Headlights are required to drive at night

With regard to how Clarity performs at night and in low-light situations, the answer is pretty simple: We are required to drive with headlights on at night. “Most of the infrastructure for anything automotive has the assumption that there’s some exterior lighting, usually lighting on the vehicle,” said Prashant Velagaleti, Light’s chief product officer.

Similarly, there were some questions about how the sensor system handles dirt or occlusion. “One of the benefits of our approach is that we don’t pre-specify the cameras and their locations. Customers get to decide on a per-vehicle basis where they want to place them, and so, you know, many in passenger vehicles will put them behind the windshield,” Velagaleti told me. And of course, if your cameras are behind the windshield, it’s trivial to keep their view unobscured thanks to technology that has existed since 1903 that allows drivers of non-autonomous vehicles to drive in the rain or snow and see where they’re going.

“But when we talk about commercial applications, like a Class 8 truck or even an autonomous shuttle, they have sensor pods, and those sensor pods have whole cleaning mechanisms, some that are quite sophisticated. And that’s exactly the purpose—to keep that thing operational as much as possible, right? It’s not just about safety, it’s about uptime. And so if you can add some cleaning system that keeps the vehicle moving on the road at all times and you saved net-net, it’s advantageous. You’ve saved money,” Velagaleti said.

“Everyone just assumes the end state’s the first state, right? And we think those of us who are really tackling this from a pragmatic standpoint, it’s crawl, walk, run right here. Why shouldn’t people benefit from safety systems that are L2+ with what light clarity can offer by adding one more camera module; suddenly your car is much safer. We don’t have to wait till we get to all four for people to benefit from some of these technologies today,” Velagaleti told me.

This is a frame captured by Clarity at about 60 mph in low light.
This is the matching frame showing the lidar point returns for the same piece of road. As you can see, the lidar resolution is a fraction of Clarity’s.
This is the reference image, and can you spot the deer by the side of the road?

How does it compare to Tesla?

“When it comes to Tesla and Mobileye, for example, you know, both of those are machine learning-based systems. So as we like to say, you’ve got to know what something is in the world before you know where it is, right? And if you can’t figure out what it is, you fail,” said Dave Grannan, Light’s co-founder and CEO.

Unlike an ML-based approach, Clarity doesn’t care if a pixel belongs to a car or the road or a tree—that kind of perception happens further on in the stack. “We just look at pixels, and if two cameras can see the same object, we can measure it. That’s essentially a tagline without knowing what the object is. Later on, down the stack and perception layer, you want to then use both the image data and the depth data to better ascertain what is the object and is it necessary for me to alter my decision,” explained Boris Adjoin, senior director of technical product management at Light.

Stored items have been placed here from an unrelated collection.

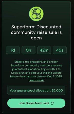 Justificación de la inversión de VanEck para participar en la venta de Superform Participamos en la venta @superformxyz que actualmente está en venta en Cookie x Legion. Las razones de mi participación en la venta son las siguientes: 1. Buenas condiciones de VAD en comparación con el tamaño de la inversión Superform ha recibido una inversión de 10 millones de Van Eck, una de las casas de mayor nivel en finanzas tradicionales en Estados Unidos. Aun así, los términos de esta venta son decentes, con 90 millones de dólares FDV. 2. Asignación fija de Cookie Ranker (asignación coreana) Estoy clasificado en octavo puesto en Superform Cookie Snapping en Capital Mindshare Corea. Por lo tanto, puedo recibir una asignación confirmada de 2000$ y planeo participar en más de la asignación confirmada. 3. TGE está a la vuelta de la esquina, 100% desbloqueado en TGE Se espera que el TGE de Superform sea el 23 de diciembre, y las condiciones están 100% desbloqueadas en el momento del TGE, por lo que el dinero estará atado durante un corto periodo de tiempo. 4. Extrañamente impopular Aunque el mismo impulso de inversión de 10 millones registró una enorme sobresuscripción, la venta de Superform representó menos de la mitad. Parece tener un gran impacto en las condiciones del mercado... De hecho, pensé que podía hacer más que el evento principal, así que pensé que era una oportunidad. Como he recibido una asignación confirmada por snapping, siento que no puedo comer esto. Van Eck cree.
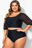 Plus Size Round Neck Black Patchwork Bikini Top
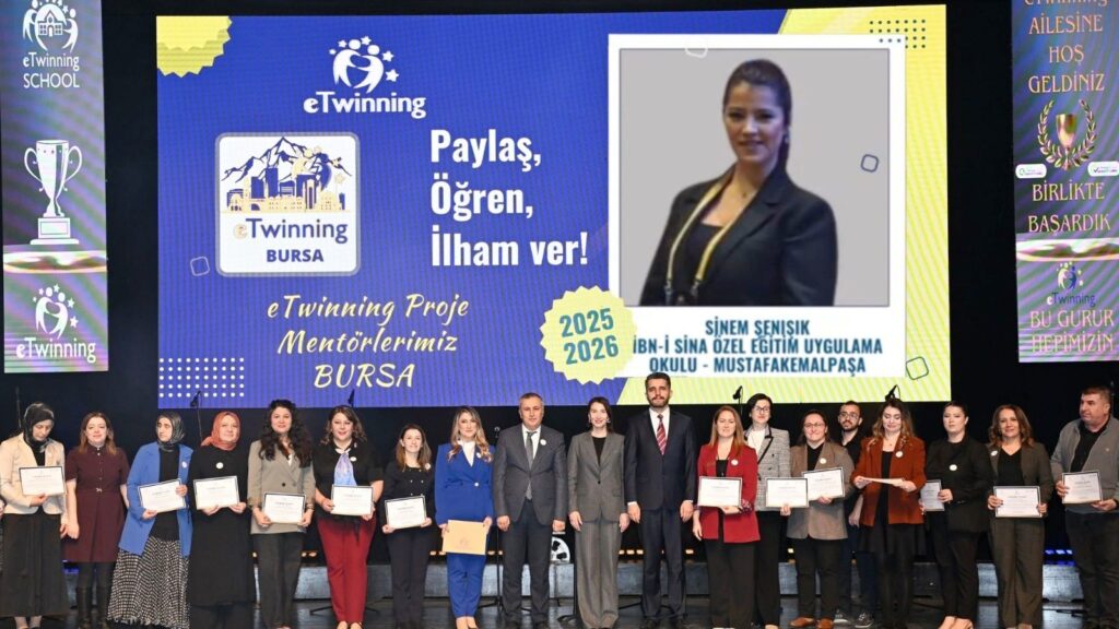 Ayrıca, eTwinning Bursa Koordinatörlüğü bünyesinde 2025-2026 Eğitim-Öğretim Yılı kapsamında yürütülen ‘Paylaş, Öğren, İlham Ver’ proje platformu çerçevesinde, eTwinner öğretmenlere mentörlük desteği sunan İbn-i Sina Özel Eğitim Meslek Okulu öğretmeni Sinem Şenışık da katkılarından dolayı eTwinning Türkiye Ulusal Destek Servisi Koordinatörü Ertan Kocabaş tarafından teşekkür belgesiyle onurlandırıldı.
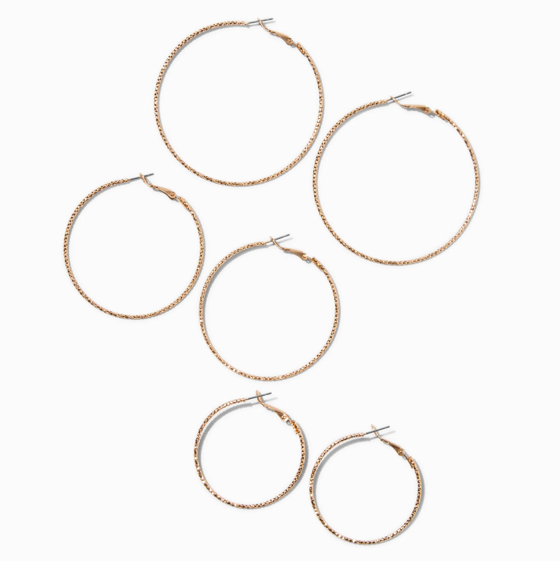 Hoops are stylish, elegant, and versatile! This set includes three pairs of textured silver-tone hoops in three sizes.

And no, that should not be interpreted as Light saying that ML is a waste of time. “Machine learning is an awesome breakthrough. If you can feed machine learning with this kind of sensor data, per frame, without any assumptions, that’s when real breakthroughs start to happen, because you have scale for every structure in the world. That is not something really any machine-learning model today that is in the field has the benefit of. Maybe it’s trained on 3D data, but it typically doesn’t get very much 3D data, because as you’ve seen with lidars, they’re accurate but sparse, and they don’t see very far away,” Velagaleti noted.

Meanwhile, Tesla’s system uses a single camera. “Tesla claims a billion miles of driving, and they still have these errors that we see very frequently with the latest release of FSD. Well, it’s important because you’re asking way too much of ML to have to derive things like depth and structures of the world, and it’s just, it’s a little opposite. It’s backward. And again, I think for every reason, it made a lot of sense for people to get something to market that does something.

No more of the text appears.